Hut ab vor der Sitzungsvertreterin der Staatsanwaltschaft und der Jugendrichterin, die beide offensichtlich das richtige Gespür hatten und sich nicht davon leiten ließen, dass die anderen damit befassten Staatsanwälte und Richter zwingend alles richtig gesehen haben.

Nun denkt der ursprüngliche Angeklagte natürlich darüber nach, in seinem Verfahren die Wiederaufnahme zu betreiben. Nach dem Motto: Alles nochmal!

Hätte man in dem Ursprungsverfahren ein wenig mehr den Grundsatz "in dubios pro reo" beachtet, wäre es niemals zu diesem Riesentheater gekommen.



DEIN RECHT IST MEIN JOB
STRAFJURIST, bundesweite Strafverteidigung

3 Kommentare:

raleisner hat gesagt…

"Unendliche Falschaussage" ist ein sehr schöner Schreibfehler, danke!

Werner Siebers hat gesagt…

Stimmt, ich vermute, es war die dämliche Autokorrektur. Obwohl es ein sehr schöner Schreibfehler war, habe ich es -dank des Hinweises- nun korrigiert.

Anonym hat gesagt…

Der Fall, der so ein bissl humorig daherkommt, hat für den Betroffenen schon bittere Seiten - vor allem dahingehend, wohl noch immer keine Ruhe zu haben, indem alles nochmal ausgerollt werden wird.
(Wobei ich ihm eine gewisse Genugtuung gönne).

Ich habe gerade Ihren Blog entdeckt und mit Interesse gelesen.

Bin selbst vor 14 Tagen nach 10 Monaten aus der Haft entlassen worden.
Die Verurteilung erfolgte nach einem wie von Ihnen beschriebenen Geständnis - weil ich einfach nervlich nicht länger durchhalten konnte.
Das Geständnis war meinerseits ein Gestammel, in der Hoffnung, dass der Richter dabei einen Punkt "verwurschten" kann, der ihm Anhalt bzw. Handhabe zu einer Verurteilung gibt.

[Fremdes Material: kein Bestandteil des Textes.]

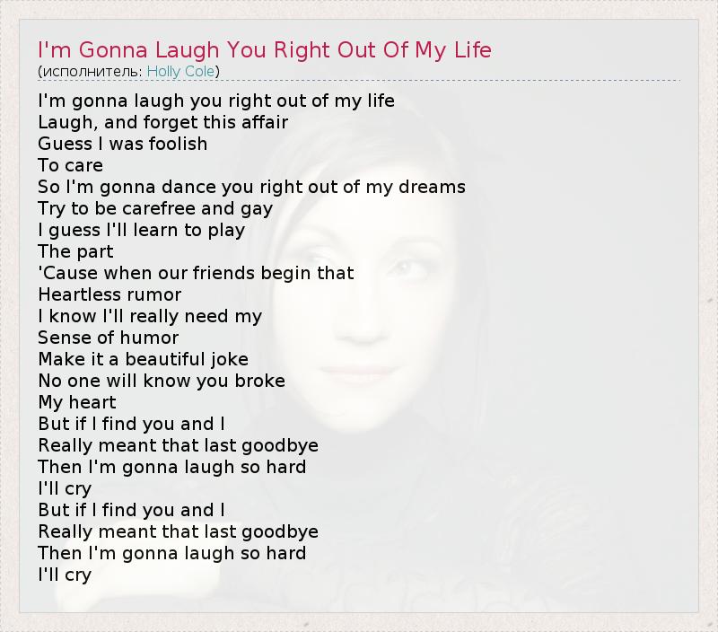 А как ты думаешь, о чем песня "I'm Gonna Laugh You Right Out Of My Life" ?

Bitter. Ich habe es noch immer nicht verdaut, auch wenn ich nach vorne schauen sollte.
(Schließlich habe ich es ja letztlich so gemacht, um das Risiko zu minimieren, dass er mich auch ohne Handhabe zu einer höheren Strafe verurteilen wird.)

Ich lese jetzt gerne weiter in Ihrem Blog!